On being normal…

 

Millions of addicts. just like me, just like you, have looked above during their moments of shame and asked the heavens above, “Why can’t I just be normal?”

The answer eludes you, though you have sought it in earnest. The shelves of your bedroom, office, garage, and attic attest to this, being crammed full of books that each failed to deliver its promise of an immediate restoration to normality. Normality. The aloof and capricious deity of the Abnormal, the people who inhabit the land of the Unworthy.

Sadly, it has taken too much time to finally realize that the question, “Why can’t you be normal?’ can never be answered. Ten years, hundreds of 12-Step meetings, and an estimated 100 or so random urine drug screen later, I finally get it. There is no secret code…no treasure map…no hidden panel in the wall. Epiphany will never come. Because it really is a trick question.

It is just like the riddle about the plane crashing on a border between two countries. You listen carefully to every word, but you still don’t have the answer when the question is asked,

“In which country will they bury the survivors?” “Tell me again,” you insist. “Say the whole thing more slowly.” You listen painstakingly to the every word and you still don’t get it. It

has to be a trick! And then you laugh at your own gullibility when the answer is revealed.

You were supposed to be listening to the question, not the riddle.

The answer was in the question.

“You don’t bury the SURVIVORS dummy!”

And maybe it really is that simple.

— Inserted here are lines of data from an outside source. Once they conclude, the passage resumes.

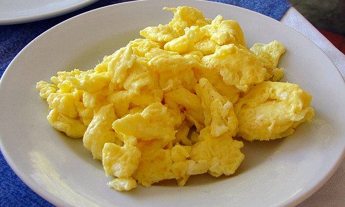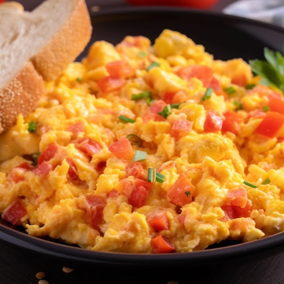 Huevos con tomate y cebolla acompañados de bollo limpio.
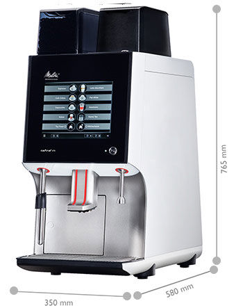 Enjoy the drink - and the sight: refined aluminium housing, 10.4" touch display, height-adjustable spout and all the options for the quick preparation of coffee, cocoa and tea specialities.
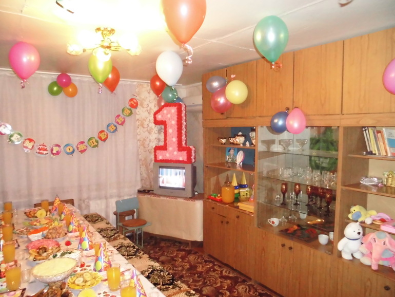 Нам годик! Опыт празднованияЯ этот праздник ждала больше 10 лет! Моя малышка очень долгожданный ребенок! Но когда я забеременнела у моего мужа обнаружили рак. Так что рождение ребенка мы не праздновали, я ждала годика, чтобы отметить как надо. Конечно этот день я продумывала много лет, но не все так получается как нам хочется. Муж до сих пор так и лечится, поэтому отметить на широкую ногу у нас не получилось. Поэтому все очень экономно и просто! Первой проблемой был наш дом. Вернее отсутствие ремонта. Как звать гостей когда у тебя ооооочень старые обои и страшный потолок. Все скрывали шариками. Оказывается если покупать шарики в упаковке, то это довольно дешево и красиво. На гелиевые денег небыло. Поэтому простые шары приклеивали к потолку бумажным скотчем. Единичку сделали из салфеток самых дешевых.
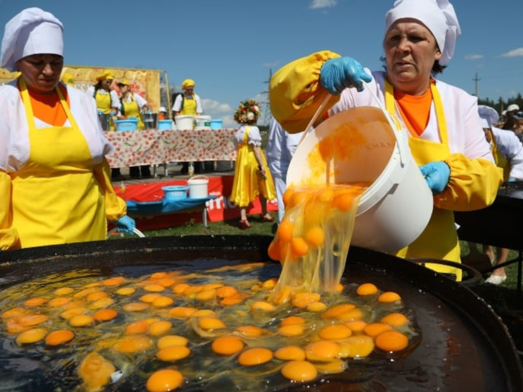 In this photo, we see a chef adding more raw eggs into an enormous frying pan so that he can cook Russia’s largest fried egg meal in the town of Novy Oskol, Belgorod. This batch consists of 7,000 eggs that are being fried in a 2-ton egg pan.

So here is the riddle again…

“Why can’t addicts ever be normal?”

“Why can’t the mentally ill ever ever be normal?”

You get it now right?”

That’s right. We have all been had. Nurses in sobriety, pregnant-drug addicted women in shackles, the heroin junkie, the drunk in DTs, every psych patient in full leather restraints has been had. No such thing as

normal? Man that punch line gets funnier every time you say it. Just hysterical, until you wake up on Easter Sunday in drug rehab because talking about the drinking and using before the benzo fiasco had never

really seemed like an option. Normal people don’t have problems like that, so I will go ahead and

structure my answers in such a way that I will pass the CAGE screening questionnaire every single time. No, if you want to help me, if you are planning on shaking me loose from the Normal tree, you need to

convince me that I will like my new home.

What’s that you say? They call it the Land of the Unworthy? Well that sounds really nice. I’m just going to duck my head back into Normal here and get a REALLY GOOD GRIP. Have a nice day. Please call again.

At some point, a personal decision must be made to either continue the madness or get off the crazy circuit of empty promises and riddles. If you are lucky, you reach a point when you can choose to stop walking the path that others have mapped out for you. You can stop racing after the elusive carrot that will never be yours. At this point in the journey, there can be quiet strength in the final acceptance of one thing. And it is this. The victim of stigma will only triumph who understands… once and for all… that the frantic clumsy scramble up the fragile staircase toward the mythical tower of “Normality,” is every bit as self-destructive, insane, and ultimately futile, as the drinking and using behaviors that originally catapulted them down the steep and rocky slope toward madness…toward the tragically real land of “Bottom.” Normality is not ours…can never be ours. Nor, as has been posited here, is it something to be grasped at. Normality does not exist. Normality is the tool that is used by the Average to control those who color beautifully but unacceptably outside the lines. It is the paternalistic farce of a self-proclaimed normal society. And stigma is both the measuring tool and whipping stick by which the aberrant are alternately pitied and punished.